Khususnya Pemerintah Republik Indonesia telah menyadari bahwa kewenangan yang
dimaksud adalah suatu bentuk kewenangan yang dimiliki Aceh dalam menjalankan
roda pemerintahan secara istimewa dan khusus, sesuai dengan konteks bingkai
Negara Kesatuan Republik Indonesia.
Sakralkah UUPA ?
Ketika memiliki pretensi untuk menelisik
sakralkah UUPA ? maka dapat dianalisa dari fakta hukum yang masih terlintas diingatan
rakyat Aceh, bahwa pada 28 Desember 2010 untuk pertama kalinya Mahkamah
Konstitusi menyatakan bahwa salah satu pasal di UUPA, telah bertentangan dengan
Undang-Undang Dasar Negara Republik Indonesia, sekaligus tidak memiliki
kekuatan mengikat, yaitu Pasal 256 yang berkaitan tentang calon independen. (Cakra
Arbas, 2012) Perihal tersebut telah mengindikasikan bahwa dari paradigma
pranata hukum, khususnya terkait perundang-undangan, bahwa UUPA berkedudukan
sebagai Undang-Undang yang pada umumnya berlaku di Republik Indonesia, sehingga
dapat dipahami bahwa tidak tertutup kemungkinan Mahkamah Konstitusi akan
melakukan judicial review.
Meskipun dalam praktiknya UUPA berposisi
sebagai sebuah produk hukum yang lahir dari konsekuensi adanya perubahan
kebijakan politik antara Pemerintah Republik Indonesia dan GAM. Serta sebagaimana
yang diutarakan Husni Jalil bahwa UUPA adalah Undang-Undang yang unik dalam
proses penyusunannya, karena melibatkan berbagai elemen rakyat Aceh secara
luas, bahkan turut menarik perhatian dunia.

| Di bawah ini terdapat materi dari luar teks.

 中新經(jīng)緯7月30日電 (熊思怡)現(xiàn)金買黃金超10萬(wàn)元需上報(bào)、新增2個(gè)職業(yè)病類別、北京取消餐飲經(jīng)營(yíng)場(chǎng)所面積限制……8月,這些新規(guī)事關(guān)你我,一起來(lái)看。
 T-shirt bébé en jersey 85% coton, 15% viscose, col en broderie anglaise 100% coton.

Berbagai pihak turut
berpartisipasi, meliputi pemerintah daerah, kalangan LSM, akademisi, unsur
wanita, ulama, dan anggota GAM, bahkan dalam prosesnya UUPA terdiri dari 6
(enam) draft RUU, yang pada akhirnya diformulasikan dalam bentuk UUPA. (Husni
Jalil, 2008)
Namun demikian, faktanya bahwa Aceh hari
ini adalah entitas dari Negara Kesatuan Republik Indonesia, hal ini sejalan
dengan salah satu amanat dari Pasal 1 UUPA. Dalam perihal tersebut,
Undang-Undang Dasar Negara Republik Indonesia Tahun 1945, khususnya Pasal 1 (3)

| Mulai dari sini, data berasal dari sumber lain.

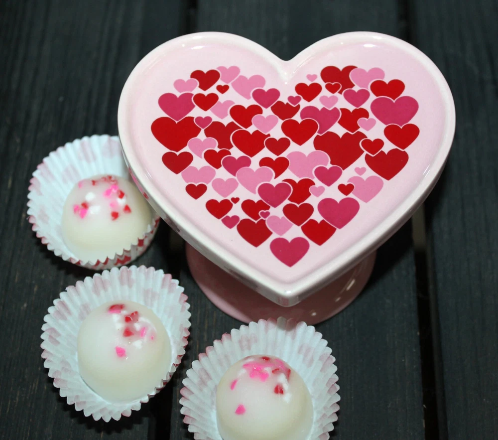 **** SHIPPING IS OFTEN CALCULATED HIGH WHEN PURCHASING MORE THAN 1 ITEM SO FEEL FREE TO MESSAGE ME FOR A SHIPPING QUOTE **** When combining purchases please click on "request total from seller" at checkout and wait for me to send you a invoice with combined shipping. If you are using your phone this option may not be available and if so just message me and I can make you a listing with everything combined and the correct amount on shipping. Thank You ;) *** These are NOT EDIBLE. *** These are my handmade highly scented wax warmer tarts or melts that are made with a special blend of wax that allows me to add up to 10% more fragrance than most waxes. These are my actual life sized large wax chocolate truffles candy topped with hearts that smell and look so real you'll be amazed they're not! You will receive 12 white chocolate truffle candy wax melts. They are scented to the max in WHITE CHOCOLATE CHERRY & NUTS. The aroma of sweet maraschino cherries smothered in milk chocolate with a sweet undertone of vanilla and nuts. This set will include a sweet little stoneware Valentine's heart cake stand to display them on until you are ready to melt them. I will also include the little heart candy paper wrappers as shown to set some in on the stand. The stand measures 4" x 3.6" x 2.17". This looks so cute displayed with your Valentines decorations or tiered tray decor and they smell wonderful just sitting out for display without melting them. They also make great gifts so please be sure to check my other listings for terrific smelling candles and tarts to go with your order. Tarts will arrive in a cello bag tied with a homespun bow and labeled so it will be gift ready. International Buyers : Please contact me for shipping quote. Shipping I strive to ship within 48 hours of payment received not including weekends and holidays. I ship USPS Priority or Parcel Post and for the heavier orders I can ship Fed-Ex. I do offer USPS Flat Rate shipping as well. Insurance is the buyers responsibility. I am always happy to combine auctions to save you money on shipping fees and I only change actual shipping costs. Please email with any shipping questions or quotes if needed. Thanks for stopping by! Please do come back again soon~*** Please note I do not accept returns for used merchandise. Must be returned in same condition as received. *** RETURNS ARE ONLY ACCEPTED IF ITEM HAS BEEN MISREPRESENTED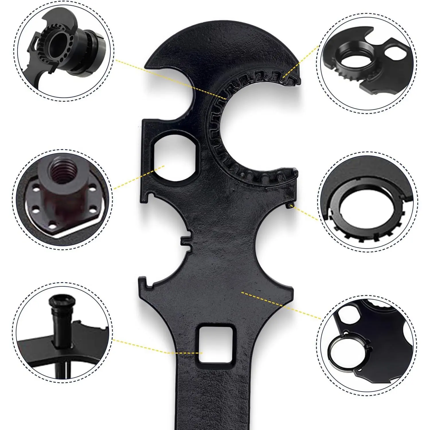 [Alloy steel material]This multifunctional lock spanner wrench is made of high quality alloy steel, the anti-corrosion black oxide coating, weighs only 16 ounces, and offers high hardness and abrasion resistance.[Multi-Function Wrench]This Wrench can be matched with castle nuts, as well as with ring nuts and buffer tube nuts.Can meet various maintenance needs.[Optimized]This wrench is precision engineered to drive wrench head screws, threaded rings and shafts.Its precise fit minimizes the risk of damage to shafts, nuts and housings.[Efficient Operation]This nut wrench ensures a comfortable grip and optimal force transfer.[ Widely Used ] Wrenches are widely used in car and bicycle repairs, as well as home and mechanical equipment repairs. They are suitable for disassembling and installing various components and are very suitable for DIY projects and home repairs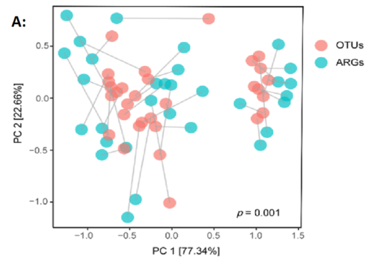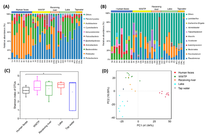細(xì)菌群落多樣性分析表明,除自來水外,其他水環(huán)境樣品的平均Shannon指數(shù)均高于人類糞便樣品(圖5C)。PCoA分析表明,人類糞便和環(huán)境樣本之間的細(xì)菌群落組成有顯著差異(圖5D)。然而,在人類糞便和水環(huán)境中存在著167個OTUS屬121個常見細(xì)菌屬,此外,還發(fā)現(xiàn)ARGs與所有樣品中的細(xì)菌群落顯著相關(guān)(圖3A),這表明細(xì)菌群落組成決定了ARG組成,這一現(xiàn)象在各種環(huán)境中都被廣泛觀察到。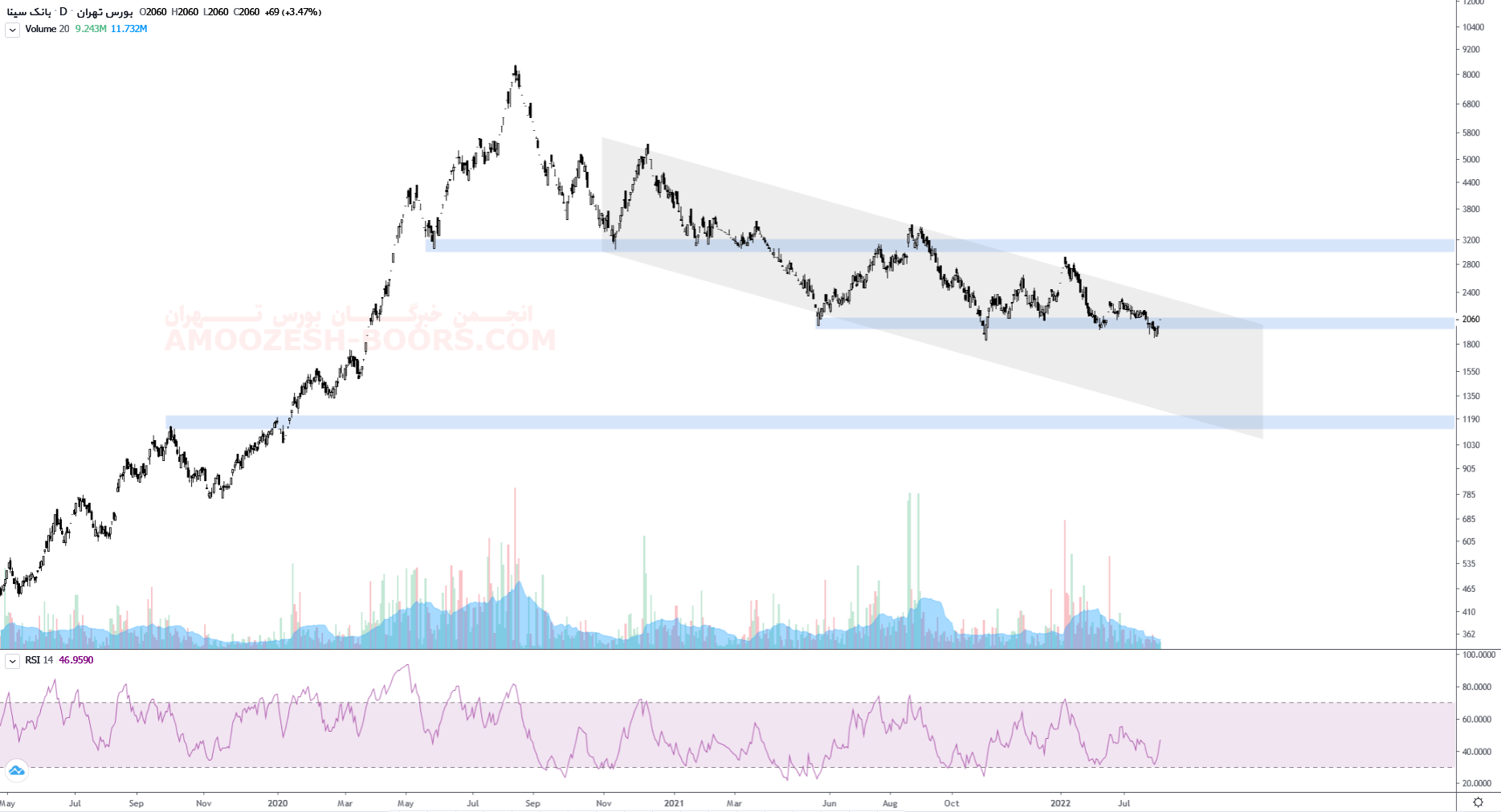 قیمت سهم وسینا پس از برخورد به ناحیه حمایتی مهم 200 تومان میتواند در صورت حمایت و شکست و خروج از سقف کانال نزولی رشد خود را تا ناحیه مقاومتی مهم 315 تومان ادامه دهد. اما درصورت از دست رفتن ناحیه حمایتی مهم 200 تومان قیمت میتواند خود را به ناحیه کف کانال نزولی نیز برساند .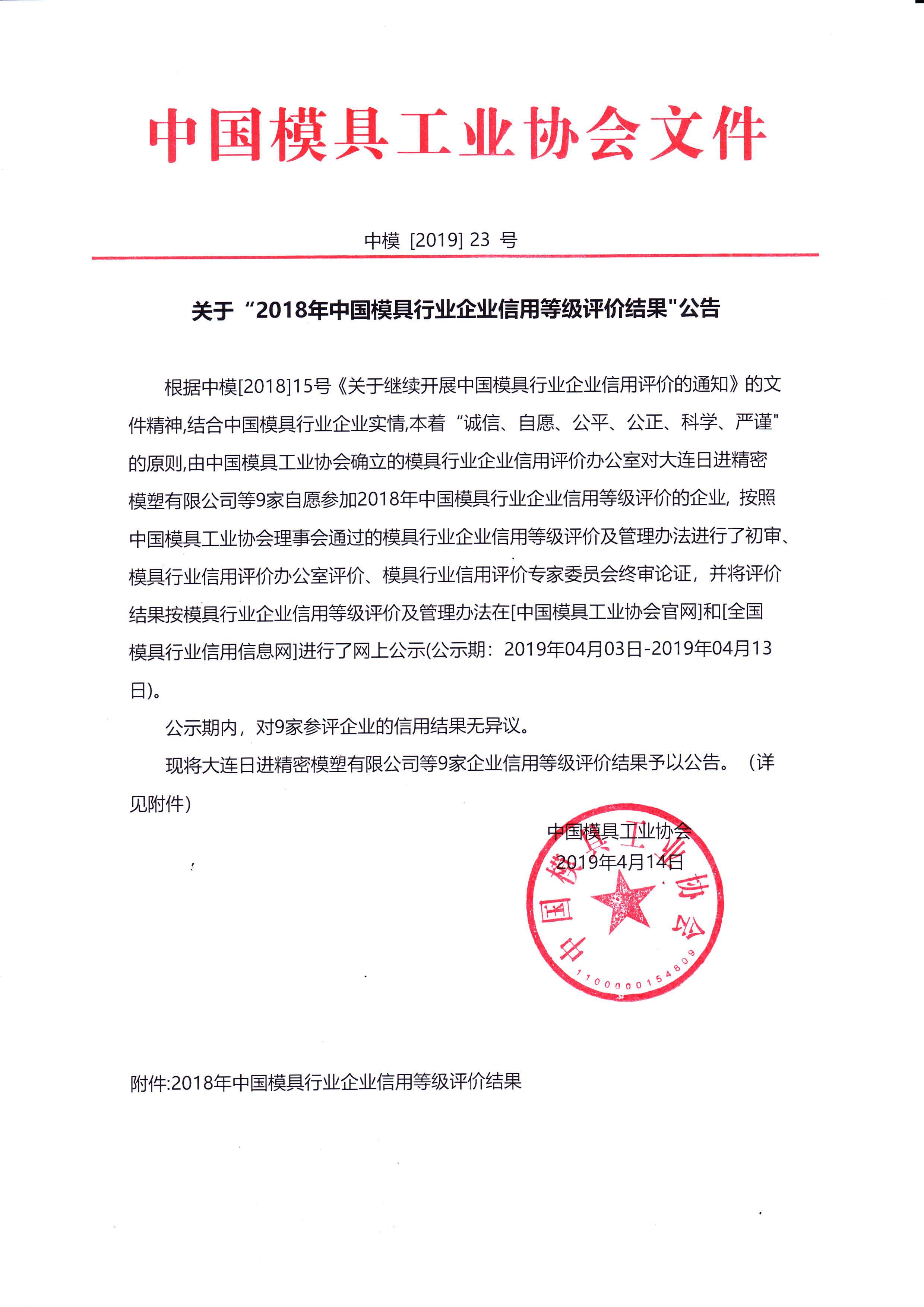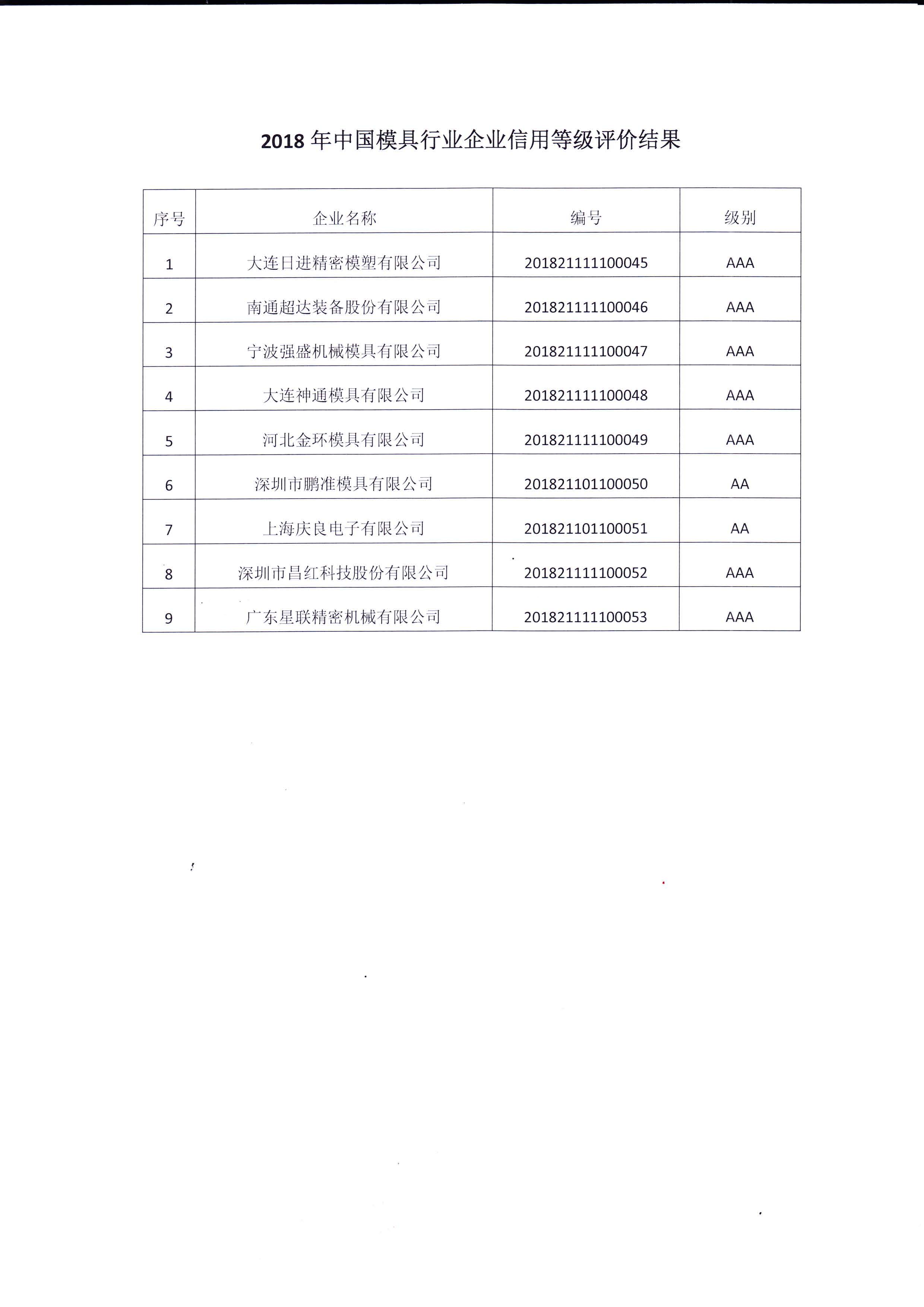 關于“2018年中國模具行業企業信用等級評價結果”公告

menegaskan bahwa “Negara Indonesia adalah
negara hukum”. Oleh karena Indonesia adalah negara hukum, Husni Jalil
berpandangan bahwa negara hukum Indonesia menerapkan konsep negara hukum
Pancasila, yang diantaranya terdiri atas sistem konstitusi. (Husni Jalil, 2004)

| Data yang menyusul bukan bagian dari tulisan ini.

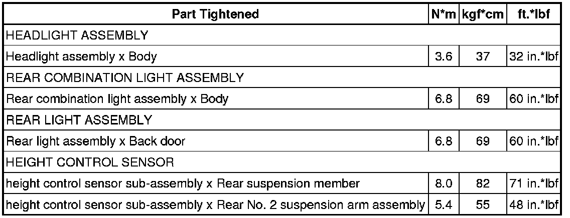 SPECIFICATIONS: LIGHTING (EXT): TORQUE SPECIFICATIONS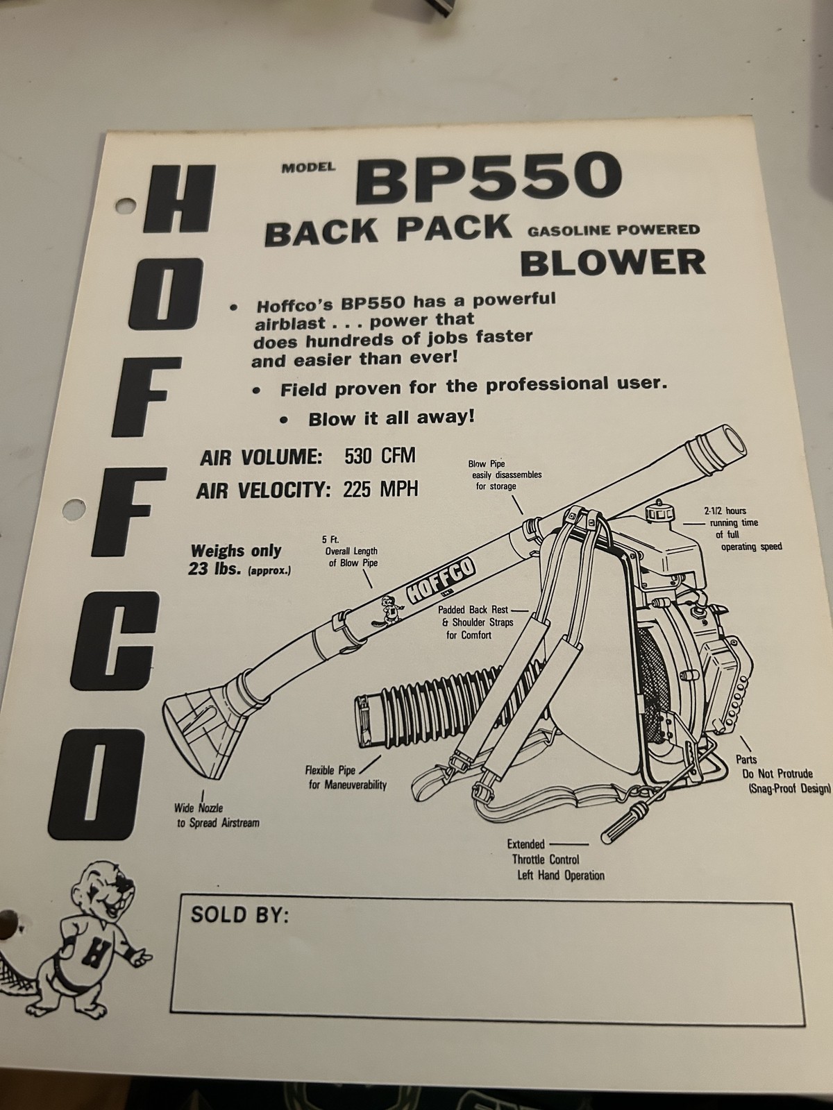Hoffco Bp550 Backpack Gasoline Powered Blower Sales Brochure 225Mph

Paradigma selanjutnya, ketika konstitusi
yang dijadikan norma dasar dalam berbangsa dan bernegara, maka konstitusi
selain mengakomodir penyelenggaraan pemerintahan daerah yang bersifat istimewa
dan khusus. Juga mengamanatkan adanya lembaga peradilan (Mahkamah Konstitusi) yang
berwenang dan mengadili pada tingkat pertama dan terakhir, serta putusannya
bersifat final dan mengikat, yang salah satu kompetensinya untuk menguji (judicial review) Undang-Undang (tanpa
terkecuali UUPA) atas Undang-Undang Dasar Negara Republik Indonesia Tahun 1945.
Penutup
Berdasarkan berbagai preseden yang telah tercatat
sejarah, pada satu sisi dapat dipahami bahwa kadangkala hukum itu sering
tertatih mengikuti perkembangan masyarakat, sehingga perubahan/amandemen/revisi
norma hukum adalah suatu keniscayaan. Akan tetapi pada sisi yang lain hendaknya
berbagai stakeholder mampu bersikap
arif dan penuh kebijaksanaan, khususnya dalam menjalankan pemerintahan yang
diberi legitimasi keistimewaan dan kekhususan.
Terakhir, patut dipertanyakan mengapa stakeholder tidak memfokuskan (baik
pikiran-tenaga-waktu) untuk hal-hal yang dinilai bernuansa dalam upaya
mensejahterakan rakyat Aceh ? khususnya semoga mau dan mampu untuk bersatu padu
dalam mewujudkan berbagai amanat UUPA, yang nyata-nyata pasca 9 (sembilan)
tahun lahirnya UUPA, masih terdapat perihal yang belum mampu diimplementasikan
seutuhnya. Semoga!
*Tulisan ini juga dimuat pada Harian Waspada, Rabu 11 November 2015
[1]
Penulis adalah PNS Pemkab
Aceh Tamiang, dan Staf
Pengajar Program Pascasarjana Magister Ilmu Hukum, UMSU dan UMA.